A casing of a battery pack, in which a plurality of batteries are mounted, needs to be durable enough to withstand thermal runaway in the battery even in the event of the thermal runaway. Meanwhile, in the event of thermal runaway in the battery in the battery pack, the casing may be deformed by a rapid increase in pressure in the casing. The deformation of the casing causes a situation in which thermal energy generated by gases and fire in the casing is rapidly discharged to the outside.

Therefore, there is a need for a means capable of quickly extinguishing a fire occurring in the casing in the event of thermal runaway in the battery in the battery pack. In particular, in case that the battery pack is mounted in a mobility vehicle such as an electric vehicle, there is a special need for rapid extinguishment of a fire caused by thermal runaway in view of a large energy capacity of the battery pack mounted in the mobility vehicle.

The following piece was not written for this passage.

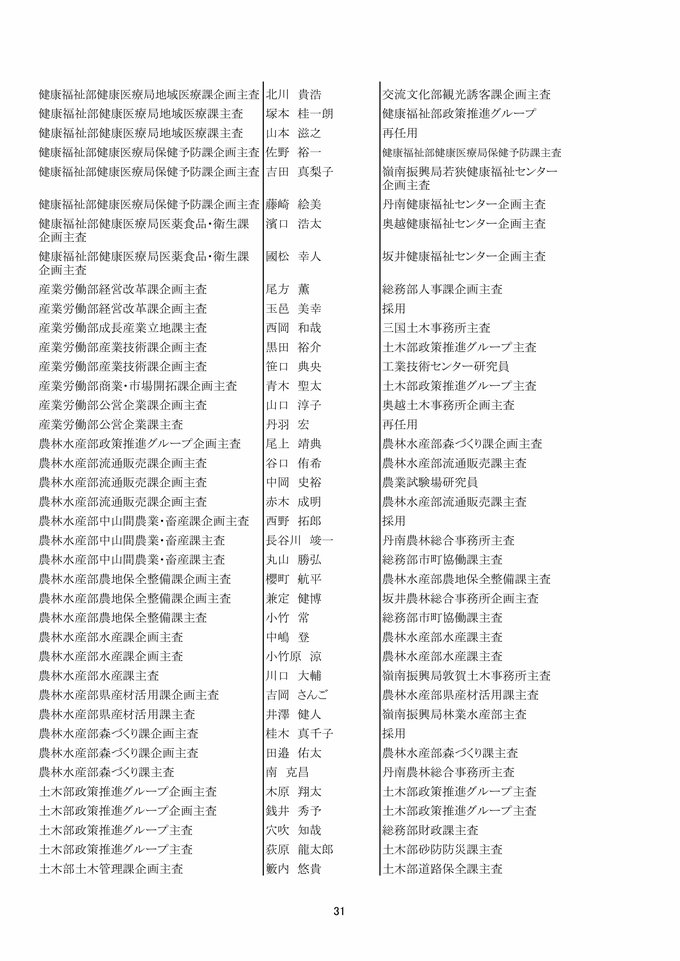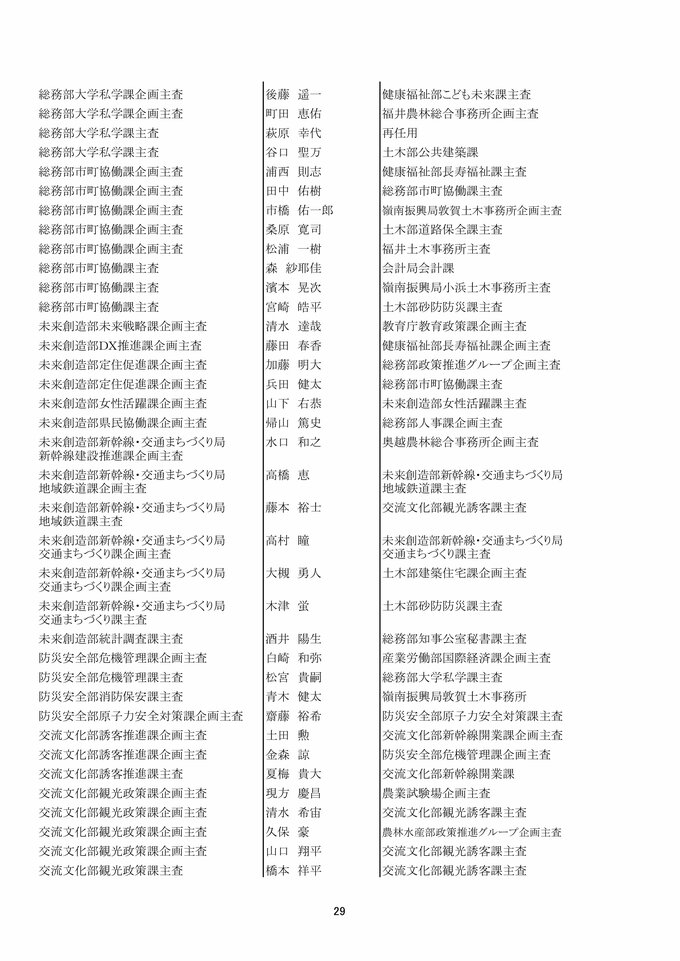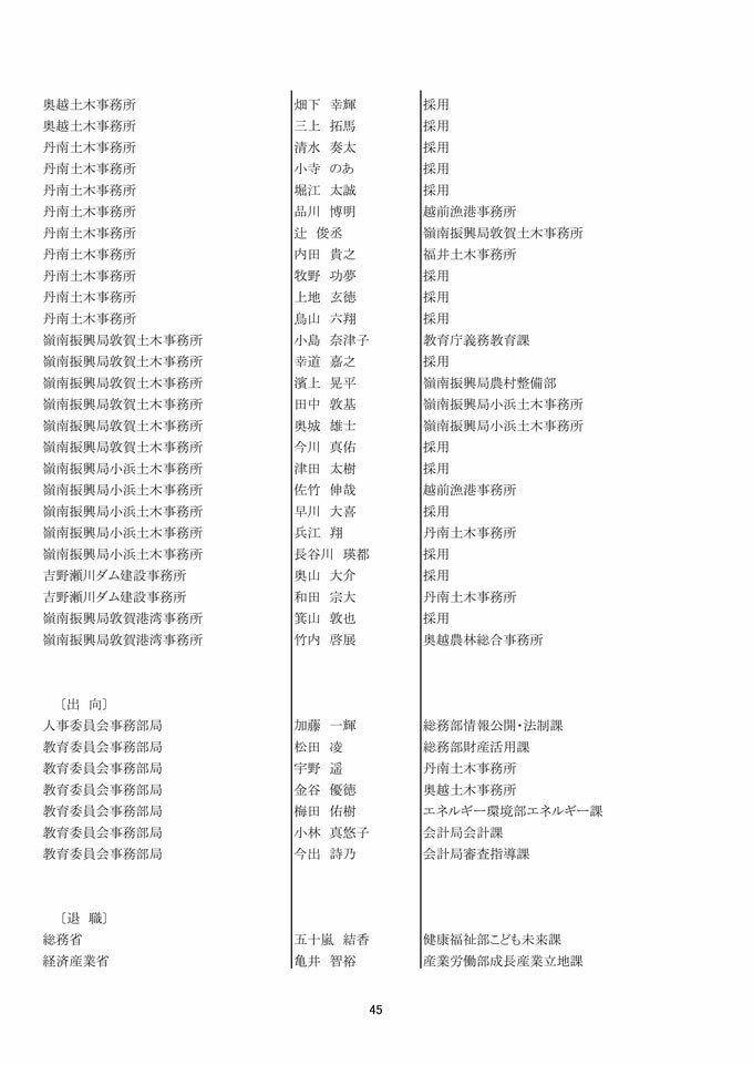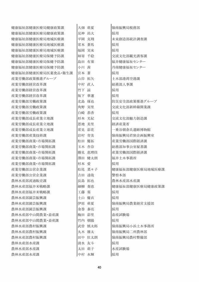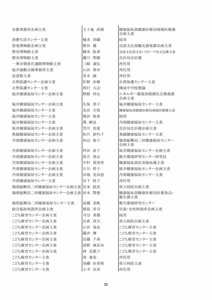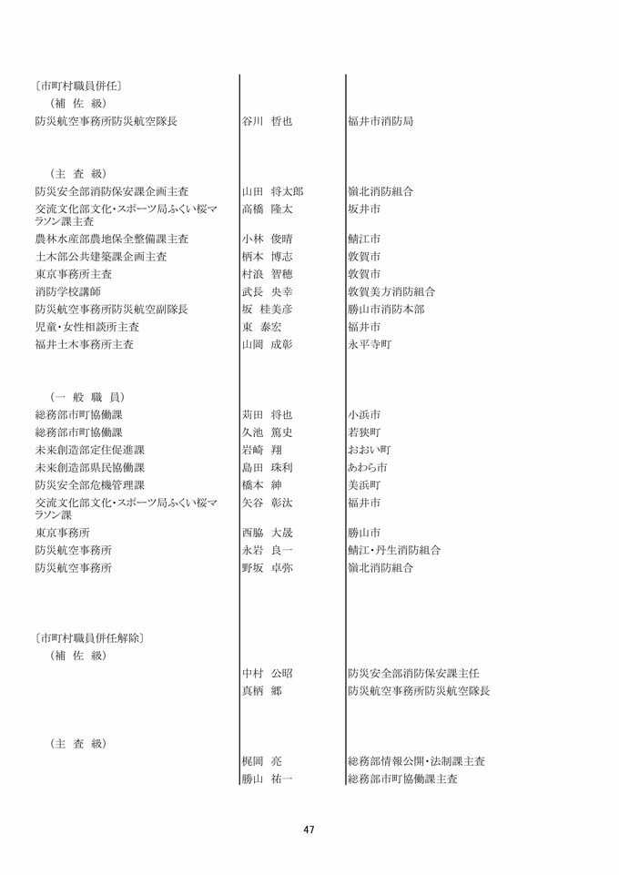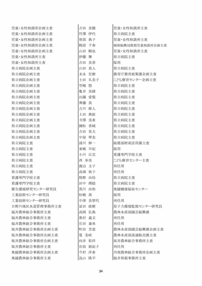 福井県 県職員人事異動 「インバウンド交流課」など観光3課を新設!女性管理職が過去最多の127人で25%越え【2025年度 令和7年度 全員掲載】 2025年4月1日(火) 17:49 福井 福井県職員人事異動 【知事部局】

This Summary is provided to introduce a selection of concepts in a simplified form that are further described below in the Detailed Description. This Summary is not intended to identify key features or essential features of the claimed subject matter, nor is it intended to be used as an aid in determining the scope of the claimed subject matter.

The present disclosure has been made in an effort to provide a means capable of quickly extinguishing a fire caused by thermal runaway in the event of the thermal runaway in a battery structure including a battery pack.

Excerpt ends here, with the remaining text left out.